Exploratory analysis of our data suggested some hypotheses that might be tested in future research. First, comprehensive medication reviews may reduce healthcare costs in addition to the reduction in mortality and PIMs reported here (see Furthermore, follow-up interventions, such as phone calls or clinic visits with patients, may improve the effectiveness of comprehensive medication reviews. Second, provider education-only interventions are not effective. However, direct-to-consumer patient engagement programs with targeted educational material may be an efficient mechanism for reducing use of specific potentially inappropriate medications on a large scale. From the small group of computerized decision support trials, we were unable to identify any insights into which intervention components were most promising.

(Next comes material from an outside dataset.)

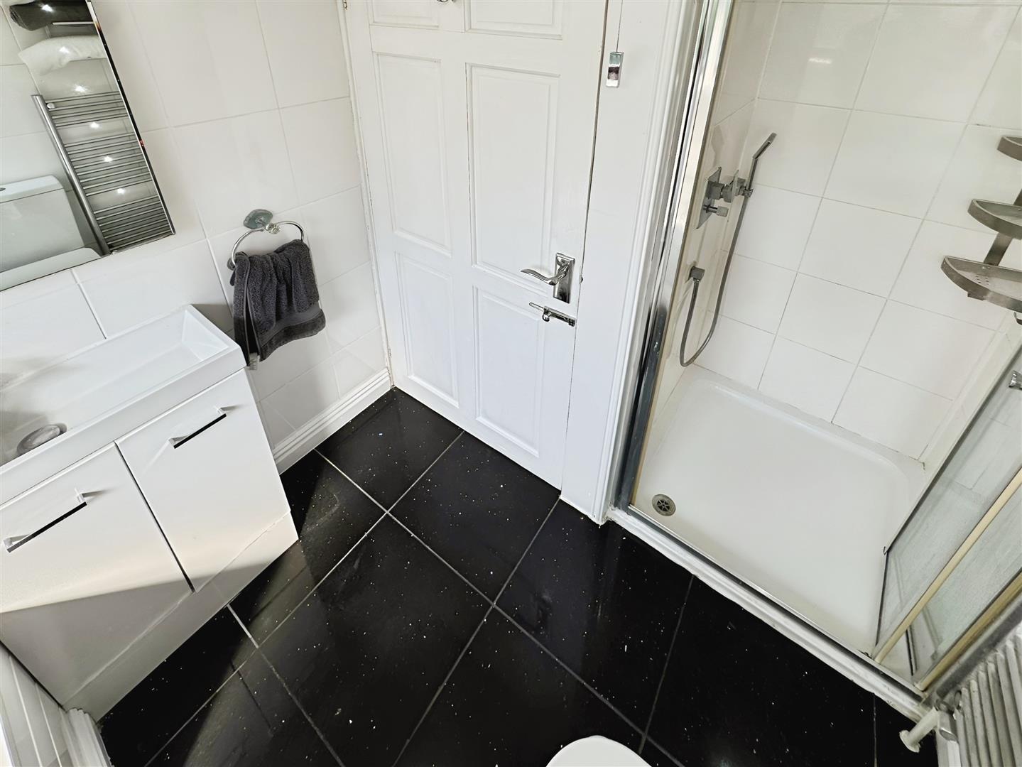 Fitted with a modern white suite comprising of panelled bath with mixer tap, low-level WC, vanity wash hand basin unit and shower cubicle. Tiled flooring. Fully tiled walls. Wall mounted heated towel rail. Ceiling Spotlights. Obscured uPVC window to the front aspect.

We acknowledge several limitations of this review. First, we included only English language publications. Second, the possibility of selective reporting and publication bias may have affected our findings. Third, this review was limited to the community setting; the effects of deprescribing for people in hospitals or long-term care facilities may differ. Fourth conclusions from the review are constrained by limitations of the available data, including the absence of data on major adverse cardiac events, adverse drug withdrawal events, and delirium and lack of standardized definitions of PIMs and other outcomes of interest. Finally, we identified no trials comparing two or more different active interventions with each other. Despite the evidence that polypharmacy is associated with increased risk of undesirable outcomes, such as falls, cognitive impairment, hospitalizations, medication burden, and costs among older adults, deprescribing has not been widely embraced.2 This may reflect patients’ concerns about the impact of medication discontinuation on their health and on their relationship with the prescribing providers, and providers’ concerns about meeting quality metrics, increased workload, patient acceptance, and overturning the prescribing decisions of colleagues.68 It might also reflect the lack of comparative effectiveness trials that would inform implementation efforts. Recent efforts to develop and disseminate evidence-based guidelines may facilitate broader adoption of deprescribing programs in healthcare systems.69

In conclusion, comprehensive medication review may result in a reduction in mortality and use of PIMs. Educational initiatives may reduce use of PIMs but have uncertain effects on quality of life and rates of hospitalizations and falls. Computer decision support interventions may reduce PIMs but have not reported clinical outcomes. We did not identify any studies that assessed the comparative effectiveness of the different deprescribing approaches. Future research should include well-designed comparative effectiveness trials conducted in a variety of settings, employing a uniform set of outcome measures and including process evaluations to guide subsequent implementation of effective interventions.